(Work order) Reproduce, exactly and only, the lines of the data that follows from the one containing "Лучшая сука |" down to the one containing "Три Кота Поездка", without pictures.

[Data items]
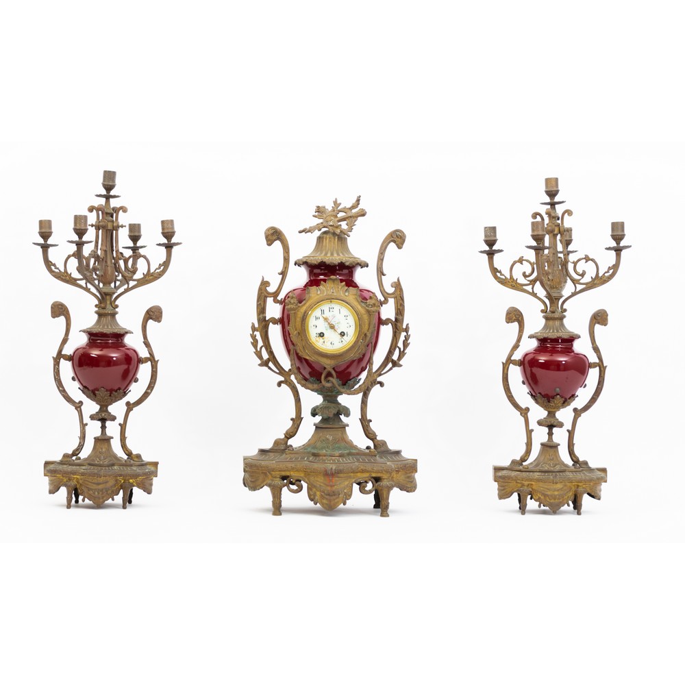 Trittico composto da orologio e da due candelabri in ceramica nei toni del bordeaux, basi ed elementi in antimonio dorato.
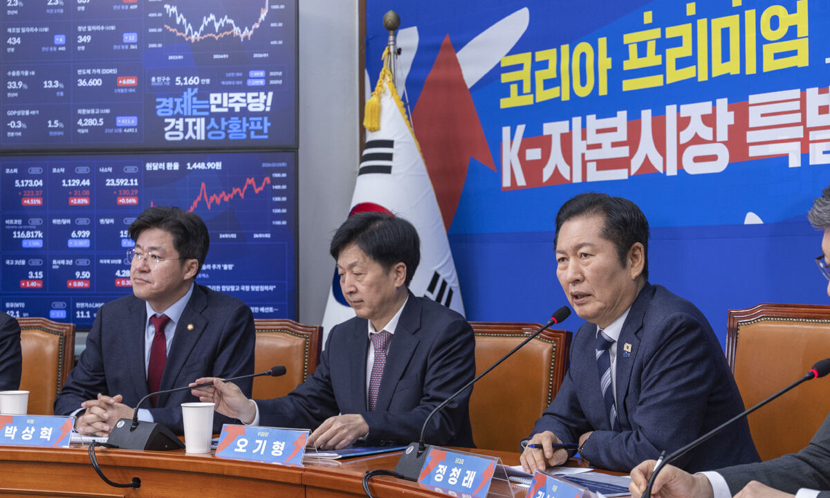 ‘코스피 5000 시대’를 맞이한 여당은 3일 기존 코스피 5000 특별위원회(특위) 명칭을 ‘코리아 프리미엄 K자본시장 특위’로 변경하고 한국 증시 대도약을 위한 입법 과제를 점검했다. 정청래 대표는 국회에서 열린 특위 회의에 참석해 “코리아 디스카운트와 완전히 결별해야 한다”며 “코스피 6000, 7000, 8000, 9000, 10000 시대는 결코 꿈이 아니다”라고 강조했다.
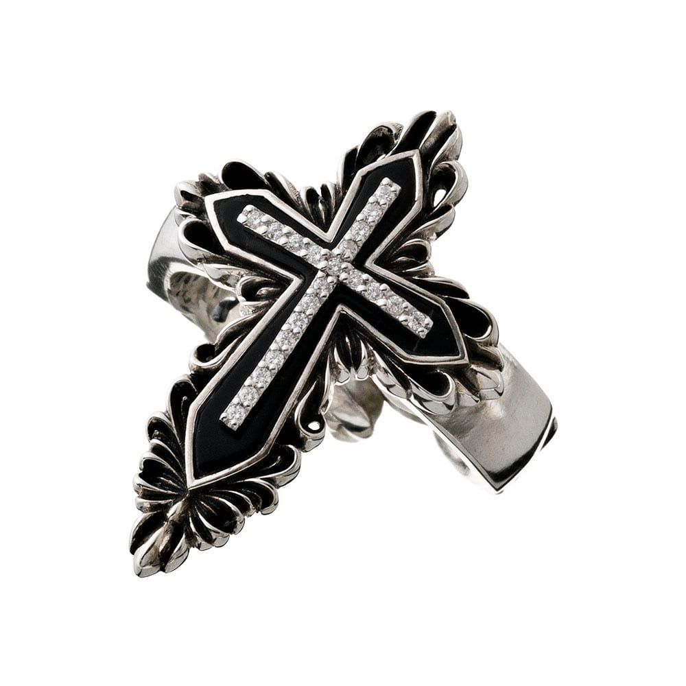 A commanding cross ring that balances presence with poise. A sleek jet-black onyx composite forms the backdrop, while a pavé of brilliant CZ traces the cross at center—crisp, luminous, and unmistakable. Sculpted arabesque motifs frame the silhouette with volume and bite; polished planes and darkened recesses sharpen the contrast so the sterling’s cool radiance and the monochrome palette read with refined authority.
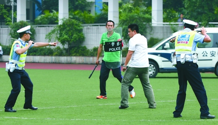 15時(shí)07分,一輛警車開進(jìn)操場(chǎng),8名全副武裝的飛龍突擊隊(duì)員跳下車門,迅速包圍操場(chǎng)中央圓弧。他們身穿多功能戰(zhàn)術(shù)背心,頭戴防彈頭盔,手握沖鋒槍,大腿外側(cè)還佩戴著手槍。“放下兇器”,一名突擊隊(duì)員通過擴(kuò)音設(shè)備兩次喊話,但兩名持刀男子拒不就擒。
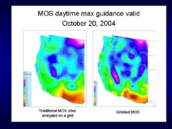 Grid-Based Bias Removal • In the past, the NWS has attempted to remove these biases only at observation locations (MOS, Perfect Prog)--exception…gridded mos recently • Removal of systemic model bias on forecast grids is needed. Why? – All models have significant systematic biases – NWS and others want to distribute graphical forecasts on a grid (IFPS) – People and applications need forecasts everywhere…not only at ASOS sites – Important post-processing step for ensembles
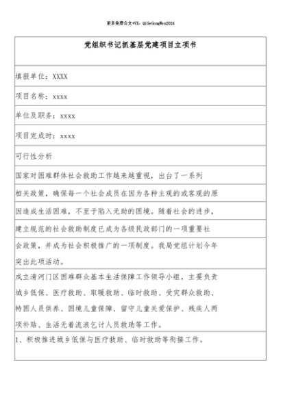 / 【七哥公文】2024年:党组织书记抓基层党建项目立项书+更多免费公文+VX:QiGeGongWen2024
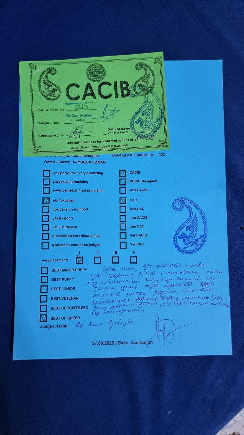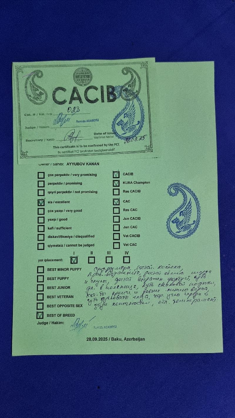 | Сертификаты: | | 1 x BIG-III, 4 x CACIB, 4 x CAC, 2 x BOB, 2 x Лучшая сука |
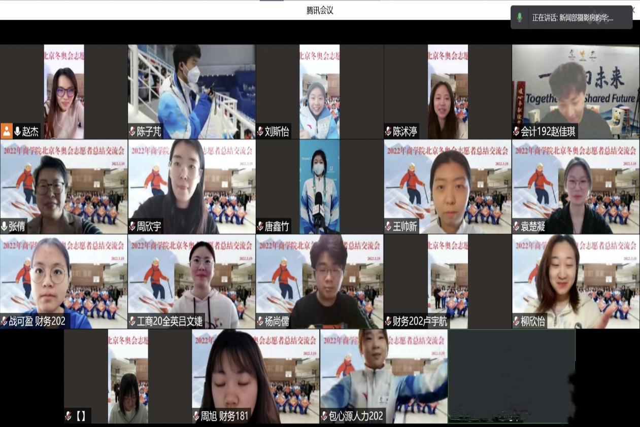 At the meeting, Zhao Jie briefly introduced the volunteers for the Winter Olympics and Paralympics of the Business School, and expressed her gratitude for their hard work. Then the volunteers shared their experiences of the volunteer service.
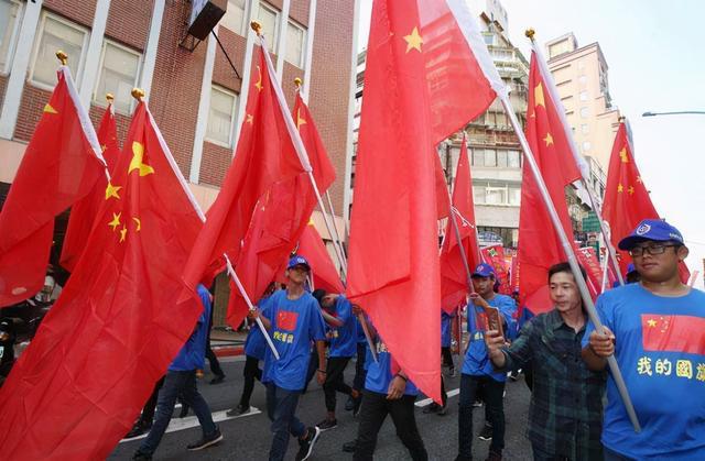 台民众手举五星红旗参与游行(图源:台媒)
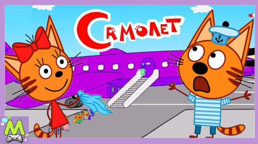 Три Кота Поездка на Самолете.Интересные Приключения с Коржиком Карамелькой и Компотом.Мультик Игра
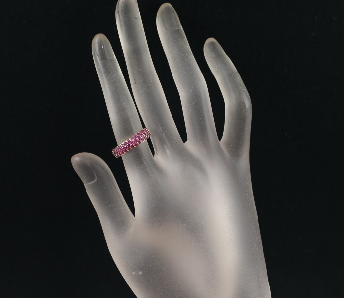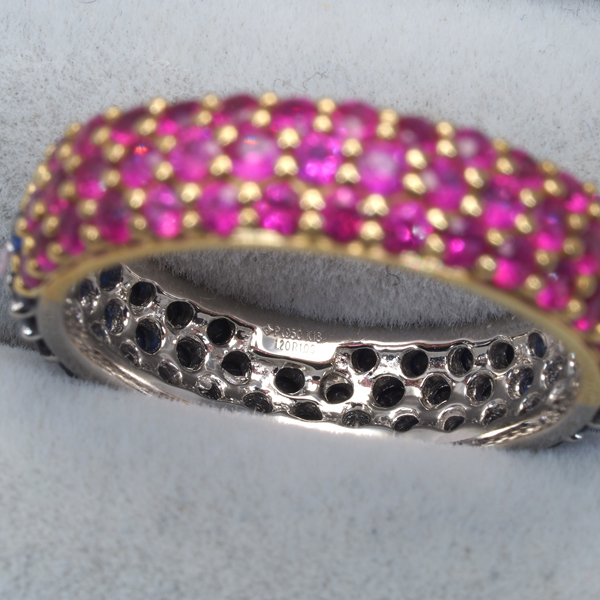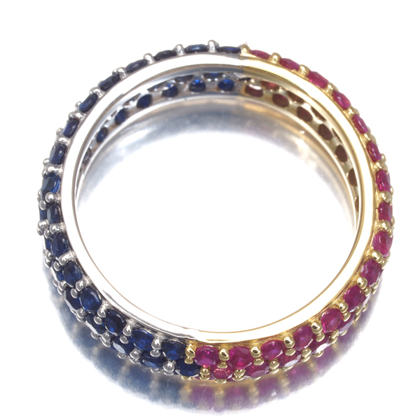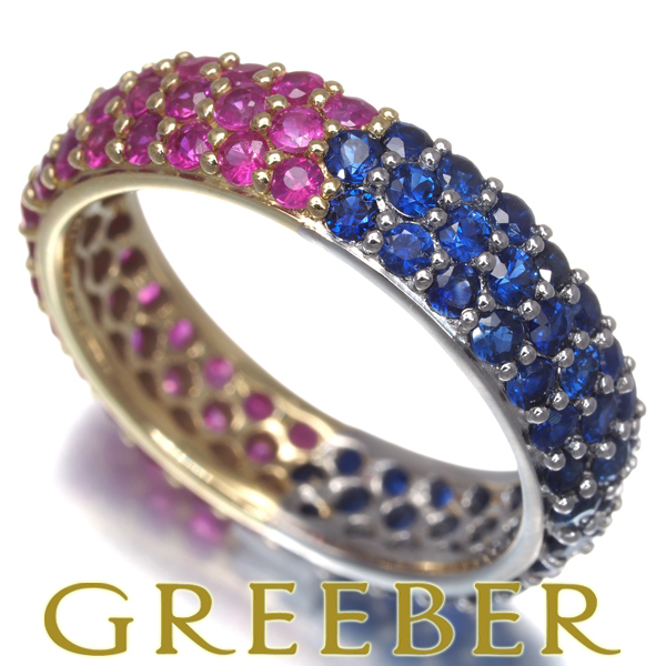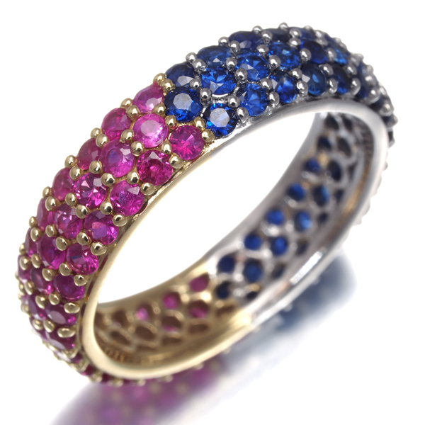 色鮮やかな輝きを演出するルビーとサファイアをフルパヴェで飾ったGSTVのリング。半分で分断された眩く美しい煌めきがお手元に華やかなアクセントを与えてくれます。 |
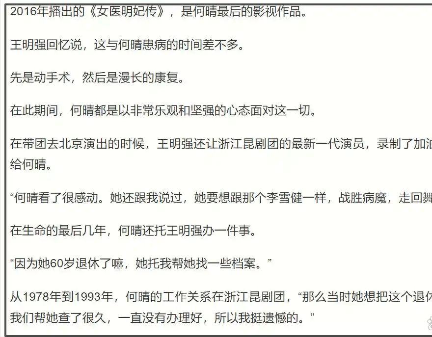这也是为什么,何晴总是很在乎自己的退休金,她委托老友王明强帮忙办理自己的退休金。因为王明强是何晴在浙江昆剧团的老同事,为了何晴的退休金他奔走查找相关档案长达3年。
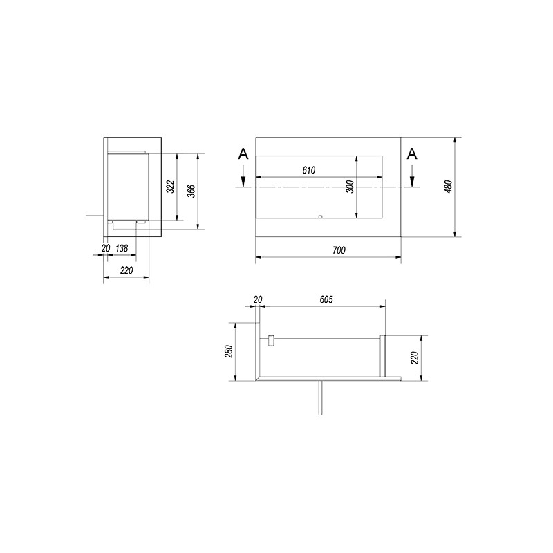 Wymiary: wysokość 480 mm, szerokość 700 mm, głębokość wnęki do zabudowy 200 mm.

(Written response)
 | Сертификаты: | | 1 x BIG-III, 4 x CACIB, 4 x CAC, 2 x BOB, 2 x Лучшая сука |
 At the meeting, Zhao Jie briefly introduced the volunteers for the Winter Olympics and Paralympics of the Business School, and expressed her gratitude for their hard work. Then the volunteers shared their experiences of the volunteer service.
 台民众手举五星红旗参与游行(图源:台媒)
 Три Кота Поездка на Самолете.Интересные Приключения с Коржиком Карамелькой и Компотом.Мультик Игра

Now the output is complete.